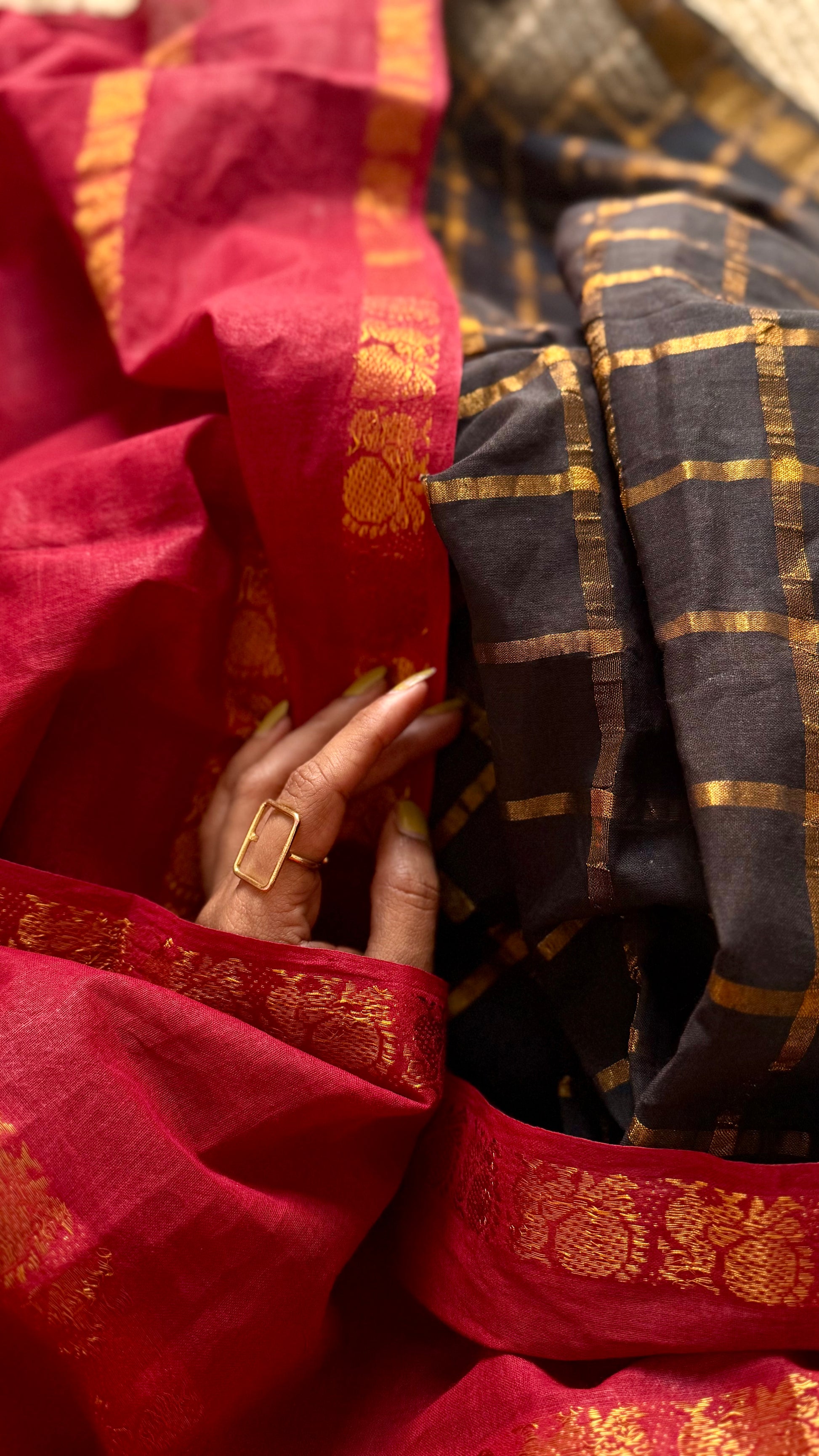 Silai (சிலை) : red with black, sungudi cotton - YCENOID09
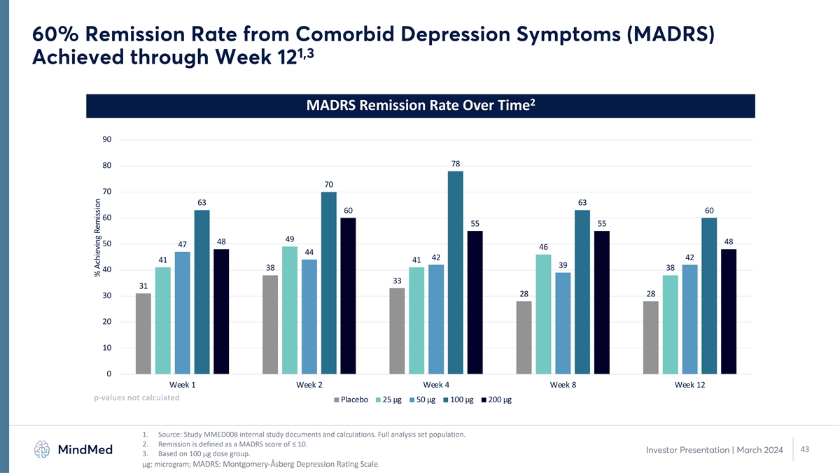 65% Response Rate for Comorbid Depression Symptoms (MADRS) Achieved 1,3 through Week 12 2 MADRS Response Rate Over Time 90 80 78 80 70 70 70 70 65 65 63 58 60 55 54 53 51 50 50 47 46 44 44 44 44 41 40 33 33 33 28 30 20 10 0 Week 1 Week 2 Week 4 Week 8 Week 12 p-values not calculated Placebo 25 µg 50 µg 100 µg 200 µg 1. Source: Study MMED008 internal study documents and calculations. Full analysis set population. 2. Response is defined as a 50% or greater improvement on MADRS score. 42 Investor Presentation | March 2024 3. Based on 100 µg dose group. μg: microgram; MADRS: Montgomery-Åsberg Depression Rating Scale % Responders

...

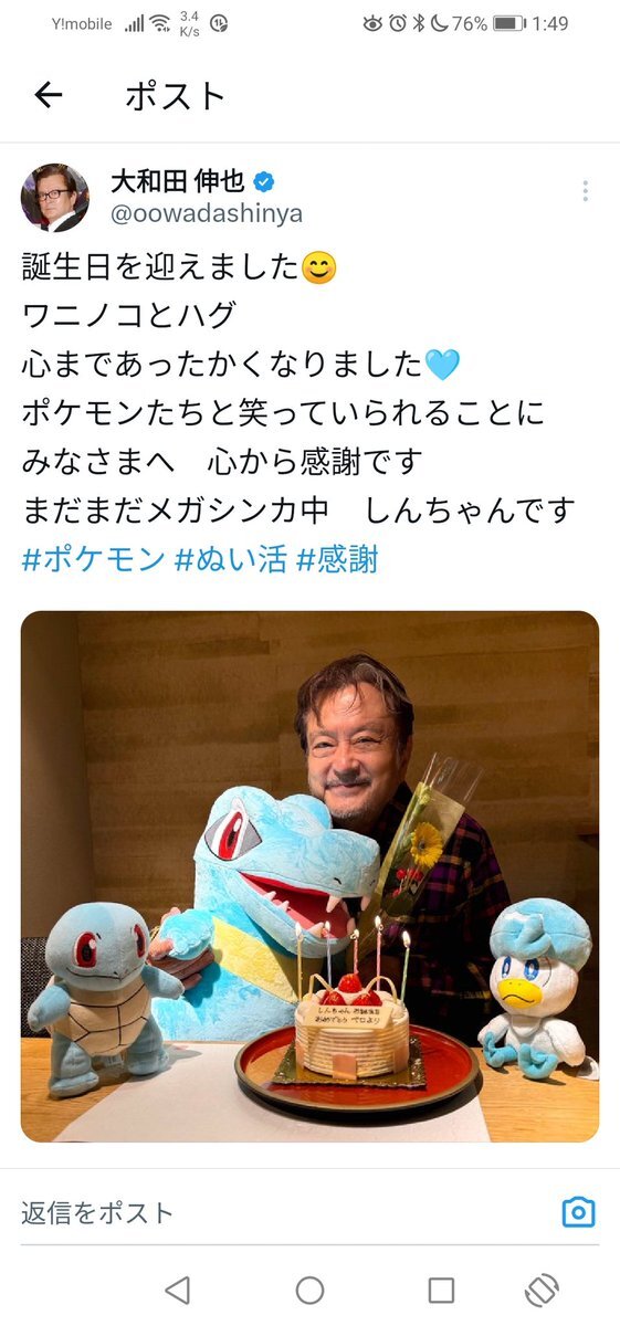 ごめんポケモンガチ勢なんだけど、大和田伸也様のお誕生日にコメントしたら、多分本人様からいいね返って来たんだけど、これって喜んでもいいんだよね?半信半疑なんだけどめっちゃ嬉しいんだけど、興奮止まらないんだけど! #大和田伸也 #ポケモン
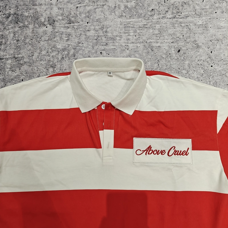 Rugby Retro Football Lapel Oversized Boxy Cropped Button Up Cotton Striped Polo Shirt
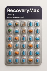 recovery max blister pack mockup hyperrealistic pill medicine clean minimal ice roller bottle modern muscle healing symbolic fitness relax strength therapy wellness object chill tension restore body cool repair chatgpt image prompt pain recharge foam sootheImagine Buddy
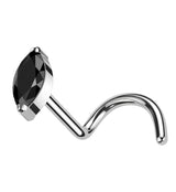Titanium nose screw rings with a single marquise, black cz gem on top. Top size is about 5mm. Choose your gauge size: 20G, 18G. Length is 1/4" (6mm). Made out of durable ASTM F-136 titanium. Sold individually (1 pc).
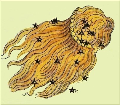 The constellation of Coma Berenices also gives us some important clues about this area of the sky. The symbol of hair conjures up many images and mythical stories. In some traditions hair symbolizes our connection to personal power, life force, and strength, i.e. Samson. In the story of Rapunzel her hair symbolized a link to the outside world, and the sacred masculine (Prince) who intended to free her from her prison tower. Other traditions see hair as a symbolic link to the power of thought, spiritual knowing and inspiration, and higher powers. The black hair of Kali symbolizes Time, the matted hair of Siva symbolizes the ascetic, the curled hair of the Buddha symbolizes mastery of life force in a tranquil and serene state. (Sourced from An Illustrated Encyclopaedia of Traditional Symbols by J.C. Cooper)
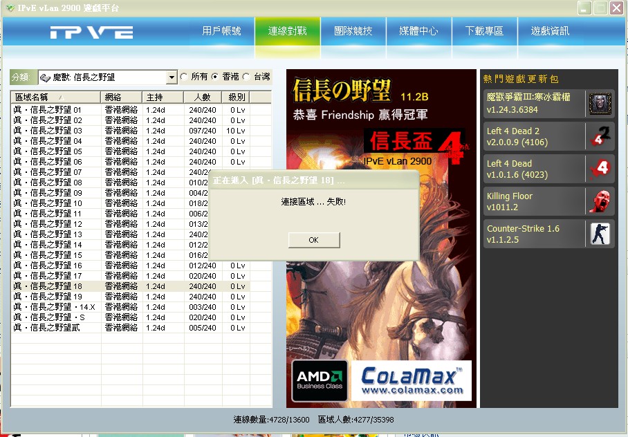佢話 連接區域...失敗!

--

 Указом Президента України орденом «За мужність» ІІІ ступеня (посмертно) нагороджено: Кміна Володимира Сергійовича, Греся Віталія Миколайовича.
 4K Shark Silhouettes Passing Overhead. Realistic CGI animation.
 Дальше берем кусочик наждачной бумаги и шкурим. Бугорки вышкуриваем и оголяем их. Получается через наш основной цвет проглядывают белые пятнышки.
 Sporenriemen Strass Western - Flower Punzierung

EXERCISE
Retype only the stretch of lines above starting at the one with "4K Shark Silhouettes" and stopping at the one with "Sporenriemen Strass Western", exactly as written, with both kept.

EXERCISE ANSWER
 4K Shark Silhouettes Passing Overhead. Realistic CGI animation.
 Дальше берем кусочик наждачной бумаги и шкурим. Бугорки вышкуриваем и оголяем их. Получается через наш основной цвет проглядывают белые пятнышки.
 Sporenriemen Strass Western - Flower Punzierung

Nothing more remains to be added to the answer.